His latest essay “The return of empires” arrives in bookstores for Rizzoli on 2022 October 18th.

The Russian invasion of Ukraine is the moment of rupture of the international order resulting from the end of the Cold War. The conflict triggered by Vladimir Putin in the heart of Europe accelerates a change that upsets the world in which we live, brings out in a brutal way how there are four great actors on the planet, whose characteristics and capacities are so superior to the rest of the international community that they can dust off, as Maurizio Molinari proposes, the definition of empires, real or potential. Russia, the European Union, the United States and the People’s Republic of China: a game between old and new great powers, each with an identity, a historical genesis, interests and a very peculiar horizon, engaged in a challenge for global leadership that no longer has only economic and diplomatic connotations, but also military.

Maurizio Molinari, who has always been an attentive observer of international politics and a profound connoisseur of the dynamics taking place, helps us to understand what outcomes this comparison can have, explaining to us, also with the instrument of maps, the extent of the changes we are witnessing and the threat that hangs over the security of all of us, Europeans in the first place. Because the conflict in Ukraine is not only the return of war in the Old Continent, but offers a dramatic representation of the challenge between democracies and autocracies, which only a careful analysis like the one offered in these pages can allow us to fully understand.
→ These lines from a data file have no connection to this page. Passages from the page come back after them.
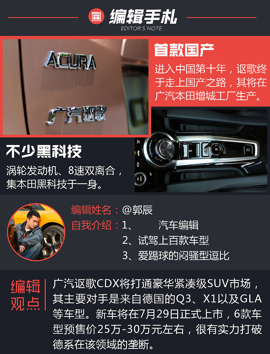 【SUV中國網(wǎng)】今天我們要說的是一款全新的豪華緊湊型SUV,它就是廣汽謳歌CDX。沒錯,名字的前綴加上了廣汽,在謳歌進入中國的第十個年頭,我們終于迎來了它旗下的首款國產(chǎn)車型。而它也肩負重任,不僅是提升謳歌品牌的形象大使,更是要打破Q3、X1、GLA等德系品牌在該級別中的壟斷地位。
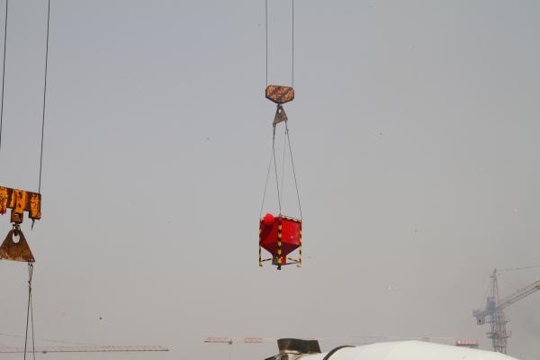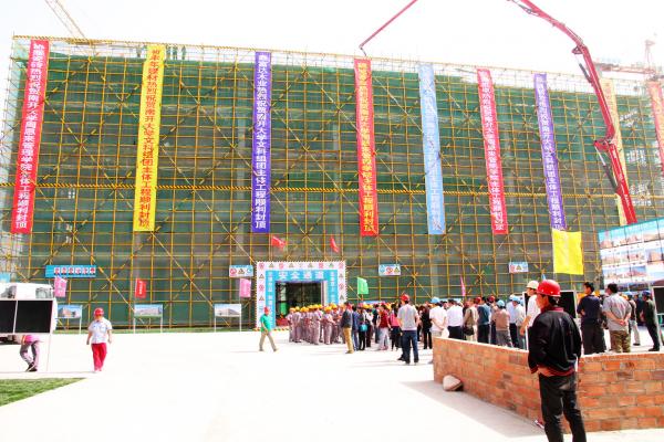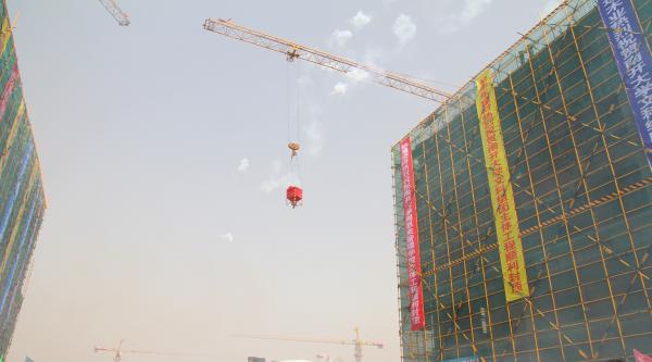 象征院楼封顶的最后一斗浇筑混凝土在轰隆的鞭炮声中吊上楼顶
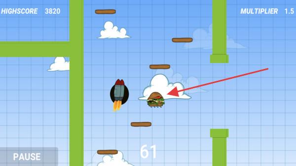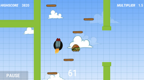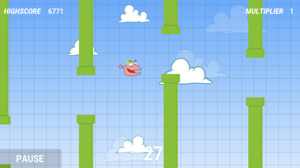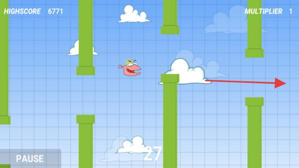1、进入游戏操控角色在云朵与平台间移动,躲避绿色管道障碍,上方“HIGHSCORE”显示高分,“MULTIPLIER”体现倍数,注意收集或躲避。
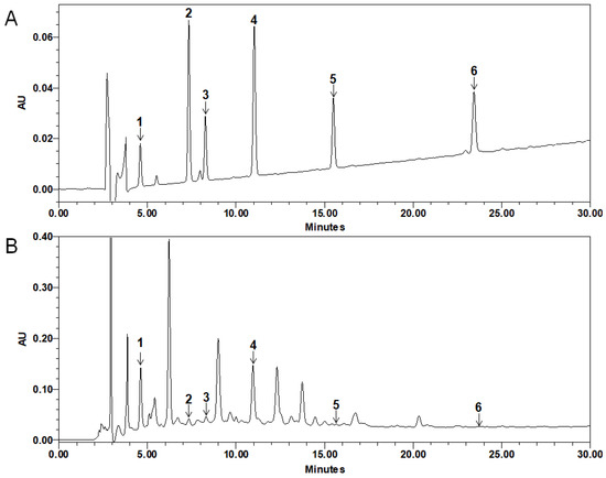 HPLC chromatogram of standard solution (A) and PMB (B) at 240 nm. 1; chlorogenic acid (retention time (RT) = 4.61 min), 2; caffeic acid (RT = 7.33 min), 3; rutin (RT = 8.30 min), 4; Genistein 7-O-β-glucopyranoside (G7G, RT = 10.96 min), 5; prunetin 5-O-β-glucopyranoside (P5G, RT = 15.66 min), 6; luteolin (RT = 23.65 min).
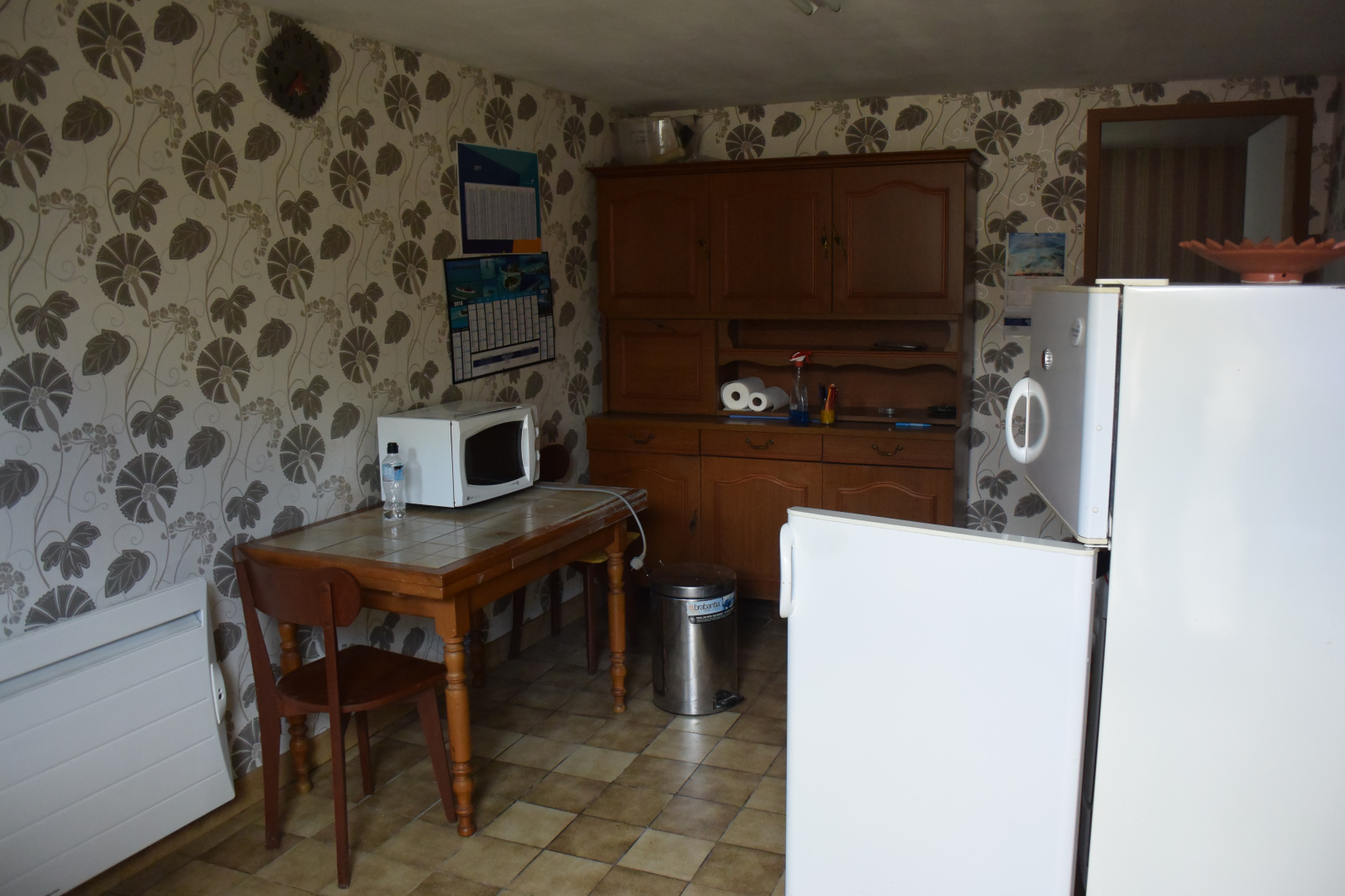 IDEAL POUR PREMIER ACHAT ou INVESTISSEUR LOCATIF, une maison à rénover comprenant: séjour, cuisine, une chambre, salle d'eau et wc. Greniers au-dessus. Remises attenantes et garage. Cour devant, et grand terrain derrière la maison. Gros Travaux à prévoir !
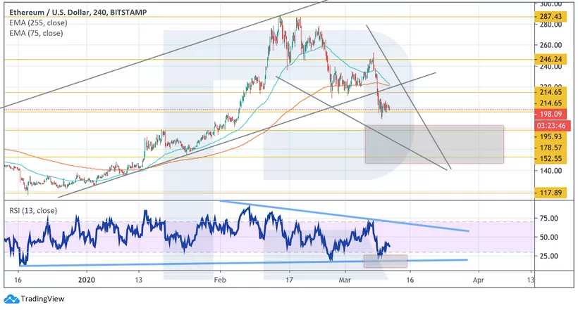 На более мелких временных промежутках есть высокий потенциал для формирования разворотной модели «Клин». Однако целевой областью снижения все еще выступает поддержка между уровнями $195-180. Уже после теста данной области можно говорить о попытке разворота цены вверх.
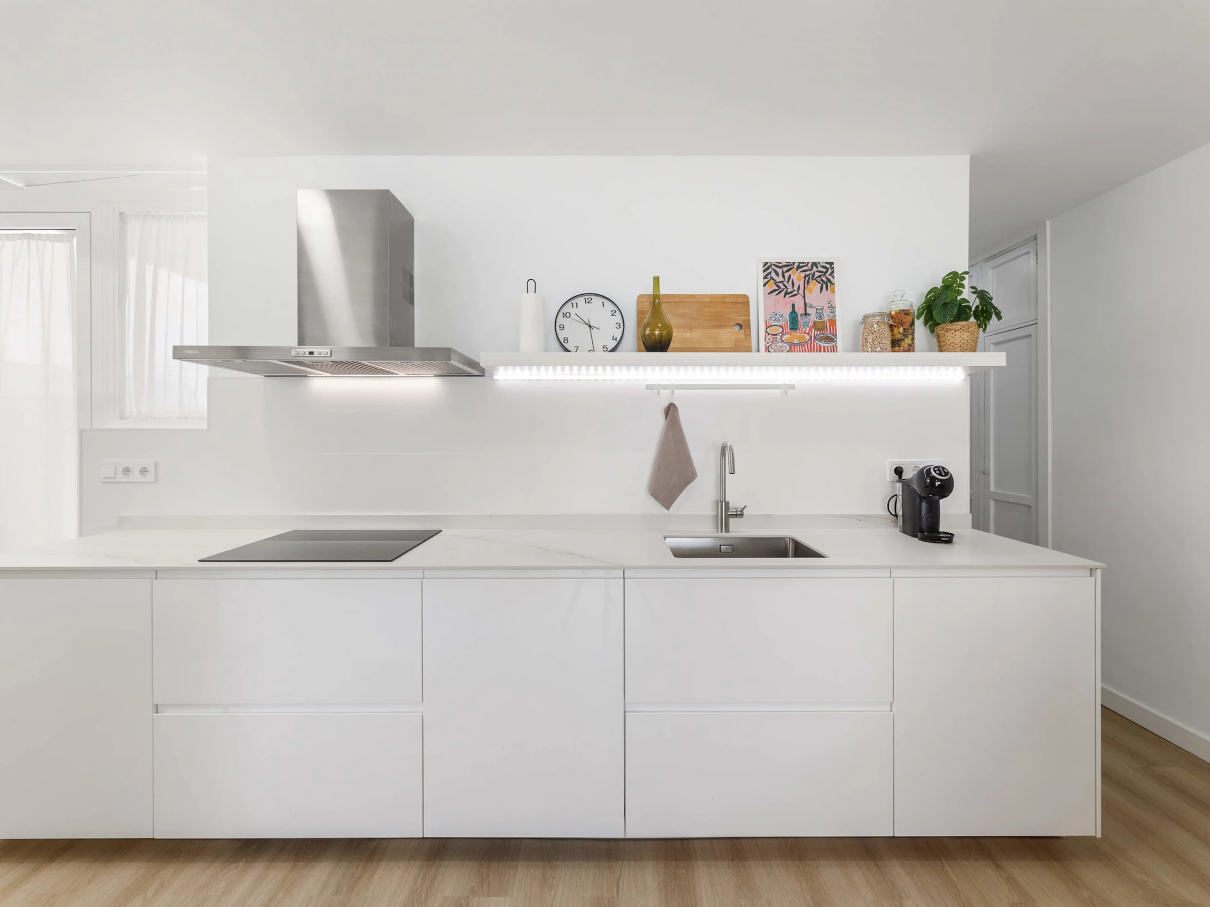 Dieses küche, ist ausgestattet in mikrowelle, backofen, spülmaschine, kochutensilien und kaffeemaschine.

In the awareness that those to come will be difficult years of growing tension, to face a threat that everyone, leaders and public opinions, have the duty to understand in order to then defuse.
The war that did not exist now exists. Putin’s Russia is attacking from multiple fronts, including Crimea.

The US and NATO are ready to defend Ukraine’s independence and Europe’s borders. The war that does not exist. An exclusive reportage, written by journalist Maurizio Molinari. From Donetsk to Lugansk, passing through Kiev, an odyssey between trenches, battles and checkpoints, militiamen with a human face. The goal, to observe the true face of war: without prejudice or rhetoric, but with the spirit of those who seek the truth.

To say Russia for many is to say Vladimir Putin. For more than fifteen years he has been in charge of a country of enormous size, stretching from the Baltic Sea to the Pacific, the most powerful man in the world. And that’s not all. With an aggressive and unscrupulous political-institutional strategy, which on several occasions has seemed far from the standards of Western democracies, it has become one of the main players on the contemporary geopolitical scenario.

But what are the deep reasons for this success? What is the secret of such unchallenged power? According to Maurizio Molinari, Putin has worked hard to reconstruct Russian identity, renewing a wealth of symbols, values and ideals that have remained buried for centuries. Aware of the weight of tradition, Putin was able to manage the public memory of the October Revolution to his advantage. at the same time strengthening the role of the Orthodox Church, to which it has guaranteed a new social space. In short, he dusted off an ideology and a mission. And from these premises, the Director makes us understand in documented and illuminating pages, that we must necessarily start if we want to understand something more about today’s Russia and our present, from the war on terrorism in Chechnya to the conflict with Ukraine for the annexation of Crimea from the anti-NATO military doctrine to the current intervention in Syria, which stirs the ghosts of a cold war placed too quickly in the archives of history.